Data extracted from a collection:
-*-*-
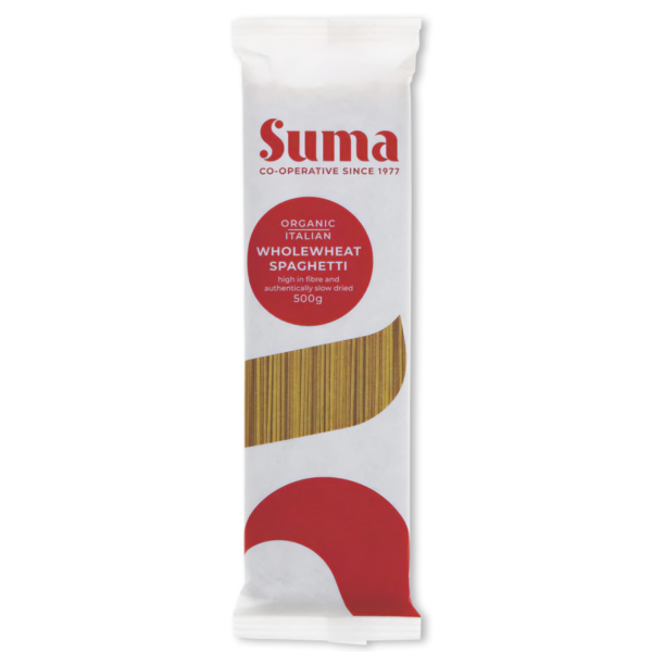 ‘Our organic wholewheat spaghetti pasta has a naturally porous and rough surface, great to hold condiments such as a classic tomato sauce or one of Suma’s tasty organic pasta sauces. Then it’s dried slowly to preserve the nutrients and bring out the taste and aromas of the wheat. Delicious! And now we’ve ditched the plastic. Our Italian organic wheat pasta is now packaged in biodegradable and recyclable paper, sourced from sustainably managed forests. Printed with water-based ink and heat-sealing lacquers without solvents. The product lasts as long as it would in plastic packaging, if stored correctly.
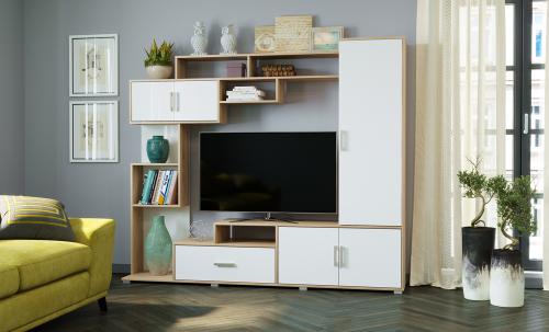 Гостиная Пекин (Дуб сонома/Белый глянец)
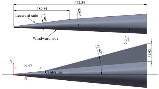 The geometric dimensions of the fin–cone model are shown in Figure 2. The model consists of a single-sided swept delta fin and a non-axisymmetric cone, with an overall length of 452.34 mm and a nose radius of Rn = 2.34 mm. The fin is located on the right side of the cone; it has a fin sweep angle of 75°, with the fin root leading edge 99.57 mm away from the cone nose, and the half-span width of the swept fin at the model base is 61.92 mm. An inflection point is located on the upper surface, 189.84 mm from the nose, which is designed to generate expansion waves; the half-cone angles of the two cone segments before and after the inflection point are 7.3° and 4°, respectively, while the lower surface has a half-cone angle of 2.7°. It is worth noting that all experiments were conducted at zero angle of attack, where the upper surface is defined as the leeward side and the lower surface as the windward side. A coordinate system was established with the nose (for the case of Rn = 2.34 mm) as the origin. The model centerline is defined along the central axis of the sharp cone. The X-axis is aligned with the freestream direction (positive downstream), the Y-axis is oriented spanwise along the cone surface (positive toward the fin) and the Z-axis completes the right-handed system.
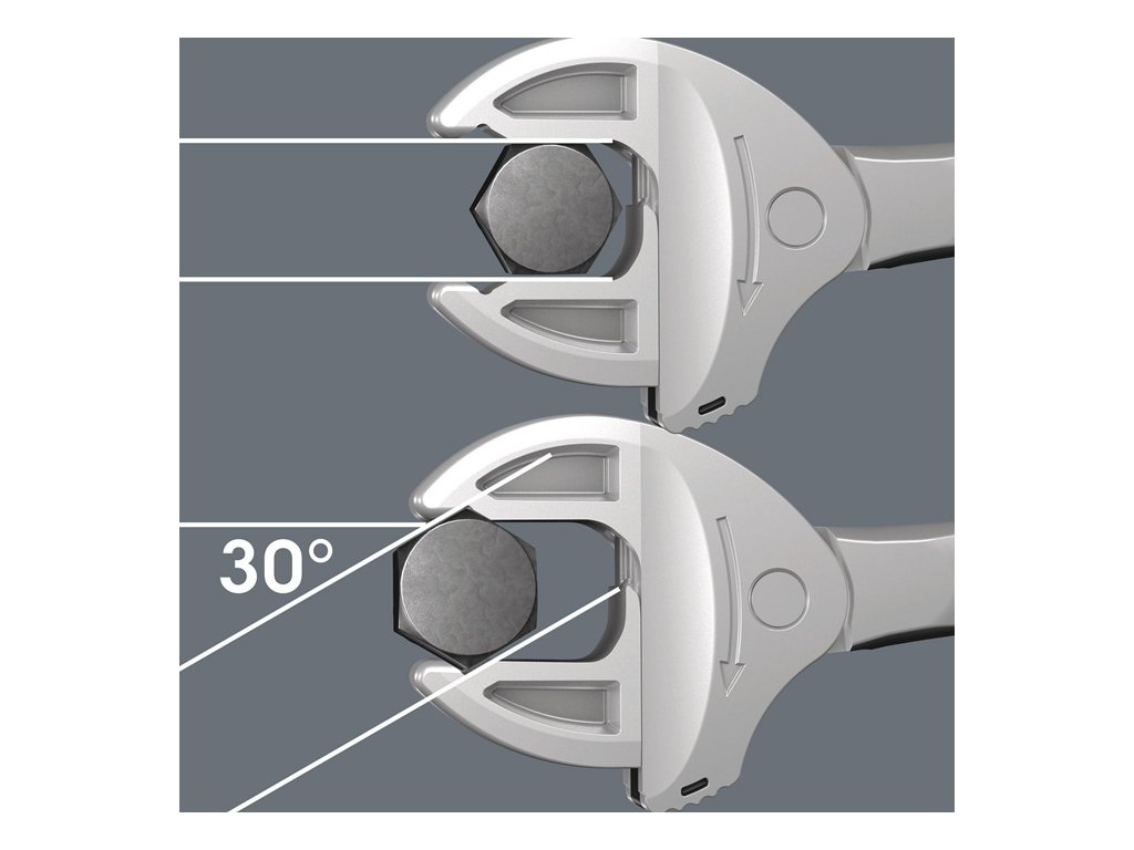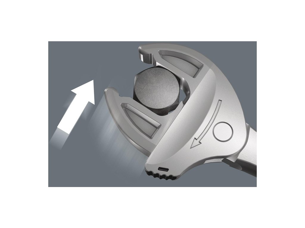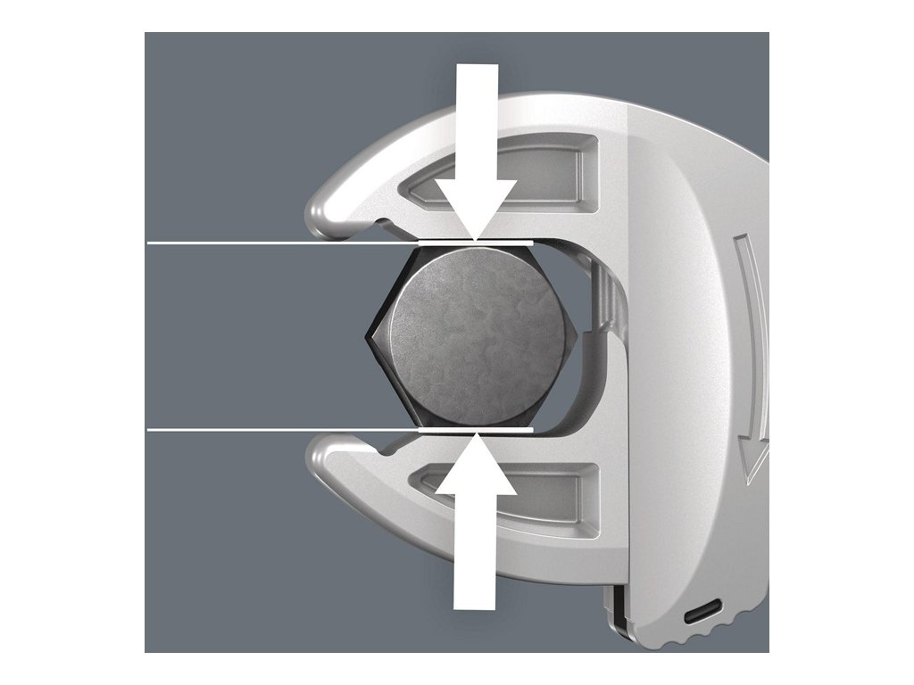 samonastavovací dvojitý otvorený kľúč na šesťhranné hlavy skrutiek alebo matíc - plynule nastaviteľné a paralelné čeľuste nahrádzajú niekoľko jednotlivých veľkostí otvorených kľúčov - požadovaná veľkosť sa nastaví automaticky po nasadení šesťhrannej matice alebo skrutky - integrovaný pákový mechanizmus - funkcia račne - uhol natočenia 30°Dodatočné parametre
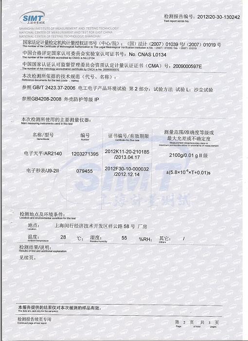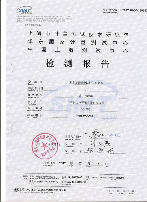 >>砂塵試驗箱檢測報告-上海計量院-交通運(yùn)輸部
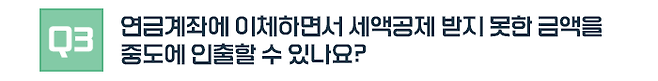 가장 먼저 세액공제를 받지 않고 저축한 금액이 있으면 이 돈부터 인출합니다. 이 돈은 저축할 때 세액공제 받지 않았기 때문에 인출할 때도 세금을 부과하지 않습니다. 연금으로 수령하든 중도인출하든 마찬가지입니다.
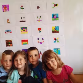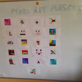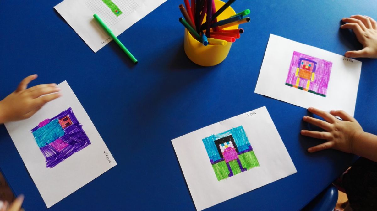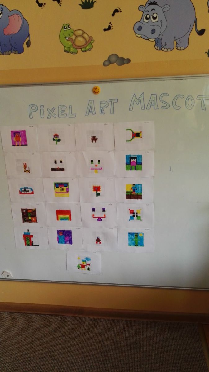 W zeszłym tygodniu urządziliśmy w naszej grupie konkurs na maskotkę PIXEL ART MASCOT - czyli nasza maskotka z pikseli, która będzie promowała nasze przedszkole w projekcie międzynarodowym eTwinning (w którym obecnie bierzemy udział). Najpierw tworzyliśmy projekt na kartce papieru (kratka) z użyciem kolorowych mazaków. Następnie nanosiliśmy powstałe wzory w programie komputerowym "Pixel Art". W ten sposób kodowaliśmy zaprojektowane przez siebie rysunki. Drogą głosowania wybraliśmy dwie prace -Mai i Olka - gratulujemy !!! Prace te rezprezentują nasz kraj w projekcie "CODING FOR FUTURE BRAIN".
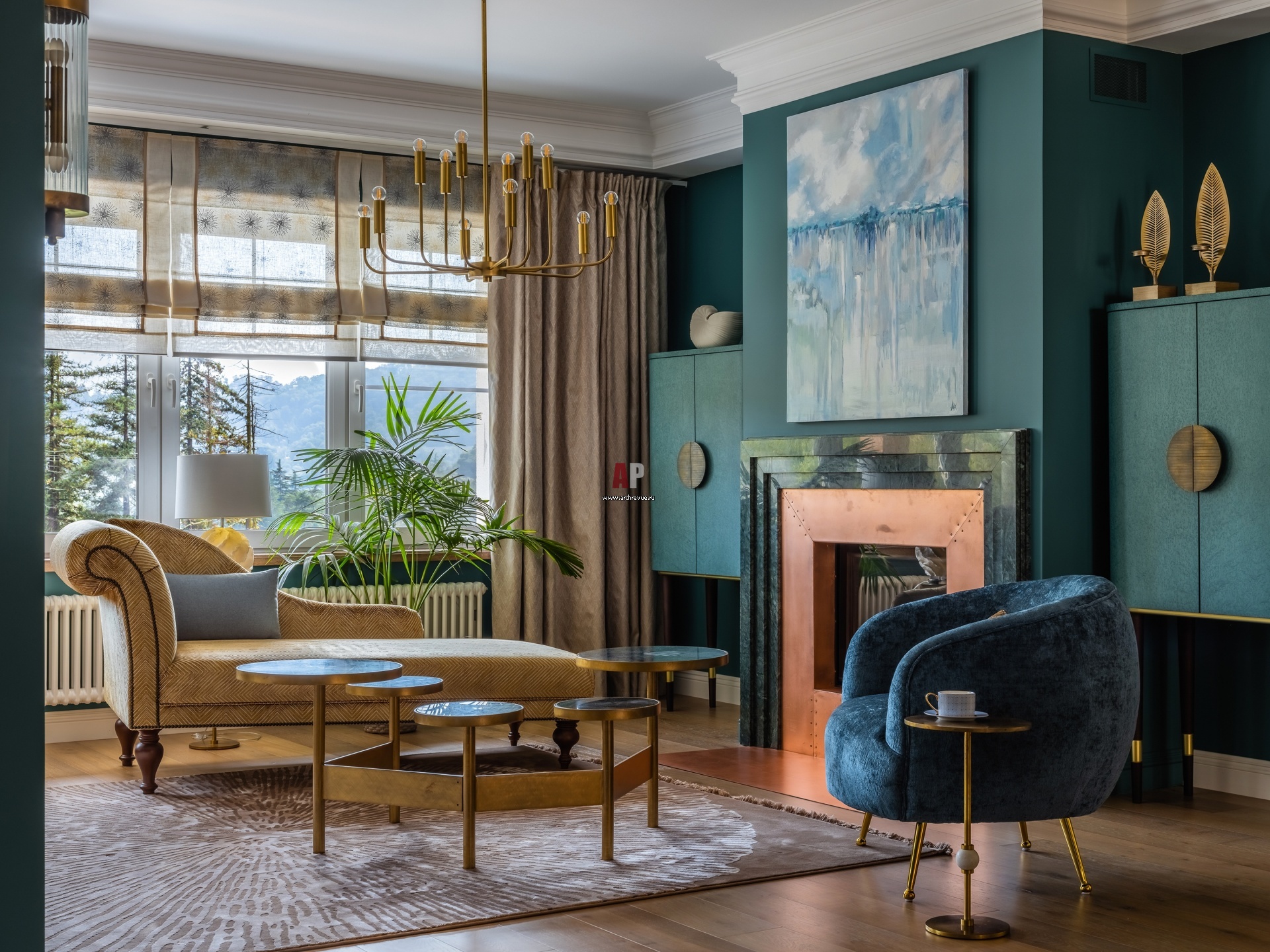 Стены в гостиной окрашены в глубокий сине-зеленый цвет. Коралловый, оливковый и охристый тона выбраны для обивок мягкой мебели. Диваны, Roy Bosh. Столики, светильники, Any Home.
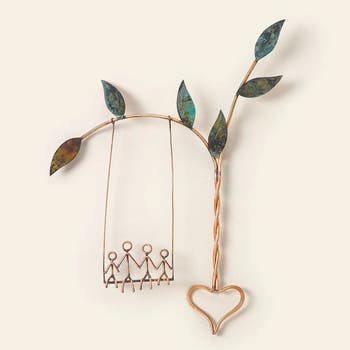 Catherine Murphy's Rooted in Love Swing Sculpture is a handmade copper piece that captures the essence of love and togetherness. With a sweet swing that moves, it serves as a heartfelt reminder of life's simple pleasures.
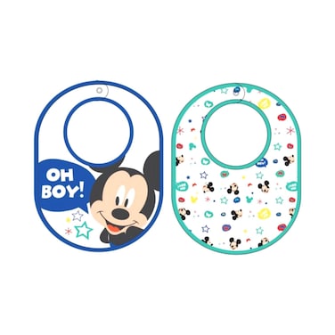 The Disney Mickey Mouse Cotton Bib MCPL2470 is a set of two multicolour bibs featuring the iconic Mickey Mouse character.
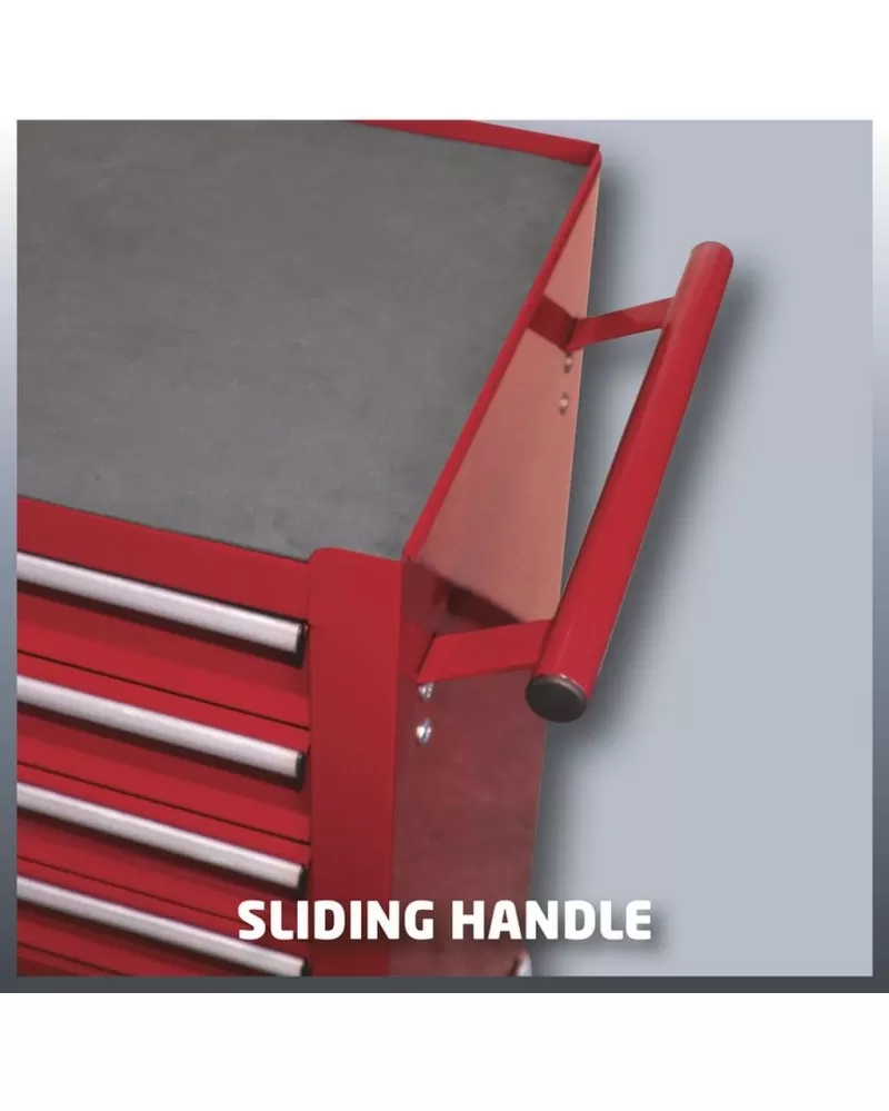 • Díky čtyřem nosným otočným kolečkům z umělé hmoty a rukojeti se stane vozík nástrojem, který lze použít, kde zrovna potřebujete pracovat.
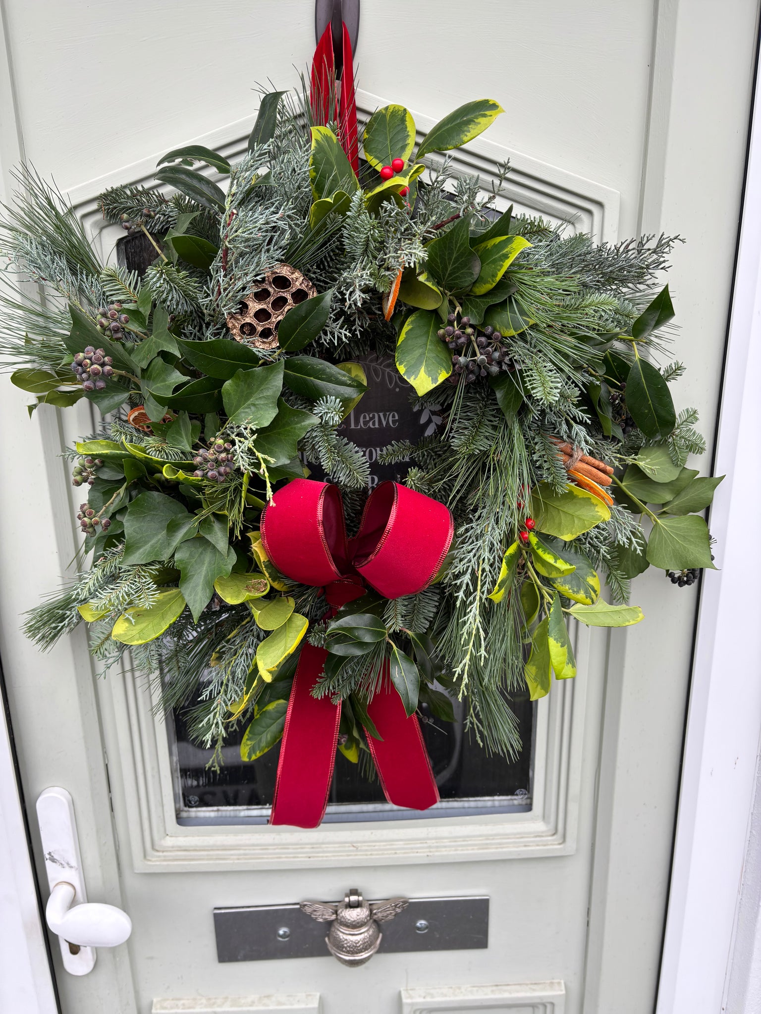 A beautiful medium/large wreath to adorn your front door or anywhere you wish to display. Made from willow & greenery picked on the farm - a mixture of firs, pine, holly, ivy & more. Decorated with cones, cinnamon, dried fruits. All beautifully finished with a choice of luxury ribbon.
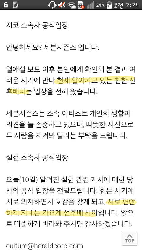 아 진짜 답답해서 못살겠어 지코만 부인한거 아니라고ㅋㅋㅋ 설현도 인정 안했어 둘이 공식입장 친한 선후배사이다라고 똑같잖앜ㅋㅋㅋㅋㅋ 근데 왜 설현은 인정하고 지코는 인정 안한걸로 몰고가? 왜 그러면서 지코는 까고 설현은 지코 혼자 좋아하는것처럼 소설쓰고???
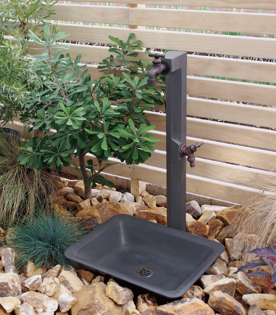 GRC 素材を生かし、グレーカラーでシンプルにまとめた水栓柱とガーデンパン。単色でありながら、面取りした形状がコントラストを生み、様々な表情を魅せてくれます。
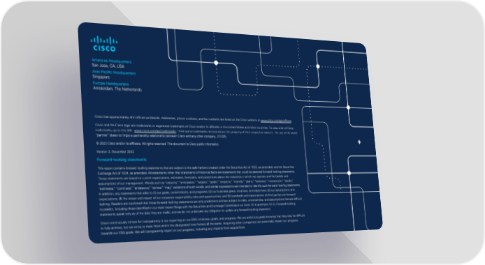 Americas Headquarters San Jose, CA, USA Asia Pacific Headquarters Singapore Europe Headquarters Amsterdam, The Netherlands Cisco has approximately 400 offices worldwide. Addresses, phone numbers, and fax numbers are listed on the Cisco website at www.cisco.com/go/offices. Cisco and the Cisco logo are trademarks or registered trademarks of Cisco and/or its affiliates in the United States and other countries. To view a list of Cisco trademarks, go to this URL: www.cisco.com/go/trademarks. Third-party trademarks mentioned are the property of their respective owners. The use of the word “partner” does not imply a partnership relationship between Cisco and any other company. (111OR) © 2023 Cisco and/or its affiliates. All rights reserved. This document is Cisco public information. Version 3, December 2023 Forward-looking statements This report contains forward-looking statements that are subject to the safe harbors created under the Securities Act of 1933, as amended, and the Securities Exchange Act of 1934, as amended. All statements other than statements of historical facts are statements that could be deemed forward-looking statements. These statements are based on current expectations, estimates, forecasts, and projections about the industries in which we operate and the beliefs and assumptions of our management. Words such as “expects,” “anticipates,” “targets,” “goals,” “projects,” “intends,” “plans,” “believes,” “momentum,” “seeks,” “estimates,” “continues,” “endeavors,” “strives,” “may,” variations of such words, and similar expressions are intended to identify such forward-looking statements. In addition, any statements that refer to (1) our goals, commitments, and programs; (2) our business plans, initiatives, and objectives; (3) our assumptions and expectations; (4) the scope and impact of our corporate responsibility risks and opportunities; and (5) standards and expectations of third parties are forward- looking. Readers are cautioned that these forward-looking statements are only predictions and are subject to risks, uncertainties, and assumptions that are difficult to predict, including those identified in our most recent filings with the Securities and Exchange Commission on Form 10-K and Form 10-Q. Forward-looking statements speak only as of the date they are made, and we do not undertake any obligation to update any forward-looking statement. Cisco continuously strives for transparency in our reporting on our ESG initiatives, goals, and progress. We set ambitious goals knowing that they may be difficult to fully achieve, but we strive to meet them within the designated time frames all the same. Acquiring other companies can potentially impact our progress towards our ESG goals. We will transparently report on our progress, including any impacts from acquisitions.
-*-*-
#### [TASK DESCRIPTION]
Return exactly the lines above, from the one with "The Disney Mickey" up to and including the one with "zrovna potřebujete pracovat.", and include no pictures.

#### [SOLUTION TO THE EXERCISE]
 The Disney Mickey Mouse Cotton Bib MCPL2470 is a set of two multicolour bibs featuring the iconic Mickey Mouse character.
 • Díky čtyřem nosným otočným kolečkům z umělé hmoty a rukojeti se stane vozík nástrojem, který lze použít, kde zrovna potřebujete pracovat.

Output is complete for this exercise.